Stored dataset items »
···

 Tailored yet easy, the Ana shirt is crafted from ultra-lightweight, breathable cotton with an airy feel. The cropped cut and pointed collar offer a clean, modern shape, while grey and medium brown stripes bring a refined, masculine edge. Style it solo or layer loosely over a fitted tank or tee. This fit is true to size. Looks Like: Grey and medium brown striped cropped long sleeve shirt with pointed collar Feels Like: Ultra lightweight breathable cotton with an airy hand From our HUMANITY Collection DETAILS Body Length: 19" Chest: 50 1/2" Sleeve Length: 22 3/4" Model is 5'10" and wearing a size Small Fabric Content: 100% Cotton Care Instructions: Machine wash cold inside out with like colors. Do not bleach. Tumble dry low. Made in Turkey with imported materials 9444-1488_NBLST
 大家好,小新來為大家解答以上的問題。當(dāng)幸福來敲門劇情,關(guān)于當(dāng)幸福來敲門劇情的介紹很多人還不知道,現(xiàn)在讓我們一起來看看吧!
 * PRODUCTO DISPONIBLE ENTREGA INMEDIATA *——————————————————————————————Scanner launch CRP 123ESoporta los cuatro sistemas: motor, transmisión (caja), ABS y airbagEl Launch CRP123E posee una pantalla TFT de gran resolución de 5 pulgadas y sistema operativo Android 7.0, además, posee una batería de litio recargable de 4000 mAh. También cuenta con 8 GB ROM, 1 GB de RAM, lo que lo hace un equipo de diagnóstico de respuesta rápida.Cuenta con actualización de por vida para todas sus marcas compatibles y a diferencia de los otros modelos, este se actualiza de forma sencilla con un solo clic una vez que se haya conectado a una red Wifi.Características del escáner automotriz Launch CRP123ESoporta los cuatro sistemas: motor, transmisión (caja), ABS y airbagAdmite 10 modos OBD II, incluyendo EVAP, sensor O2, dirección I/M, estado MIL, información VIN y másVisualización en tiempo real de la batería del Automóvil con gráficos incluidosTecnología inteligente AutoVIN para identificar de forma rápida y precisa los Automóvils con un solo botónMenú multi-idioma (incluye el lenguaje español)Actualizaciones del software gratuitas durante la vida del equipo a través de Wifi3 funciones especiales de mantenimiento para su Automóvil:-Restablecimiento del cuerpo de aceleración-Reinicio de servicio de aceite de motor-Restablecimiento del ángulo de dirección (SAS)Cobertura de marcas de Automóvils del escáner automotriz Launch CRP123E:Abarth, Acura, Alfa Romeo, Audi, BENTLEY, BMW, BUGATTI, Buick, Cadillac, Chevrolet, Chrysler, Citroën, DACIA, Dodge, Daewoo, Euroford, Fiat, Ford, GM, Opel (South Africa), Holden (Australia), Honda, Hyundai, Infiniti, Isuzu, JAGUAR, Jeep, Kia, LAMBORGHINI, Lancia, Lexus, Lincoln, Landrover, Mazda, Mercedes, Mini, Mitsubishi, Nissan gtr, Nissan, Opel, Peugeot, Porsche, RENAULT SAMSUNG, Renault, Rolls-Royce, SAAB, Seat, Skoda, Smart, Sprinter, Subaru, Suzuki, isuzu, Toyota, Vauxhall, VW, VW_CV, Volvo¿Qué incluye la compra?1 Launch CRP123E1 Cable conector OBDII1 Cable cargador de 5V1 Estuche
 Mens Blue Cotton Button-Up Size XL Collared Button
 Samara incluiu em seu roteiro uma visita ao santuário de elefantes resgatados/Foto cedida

···

Required work » Produce exactly the lines from the one containing "Mens Blue Cotton" through the final line of the records above, both included, and no others.

Solution to the problem »
 Mens Blue Cotton Button-Up Size XL Collared Button
 Samara incluiu em seu roteiro uma visita ao santuário de elefantes resgatados/Foto cedida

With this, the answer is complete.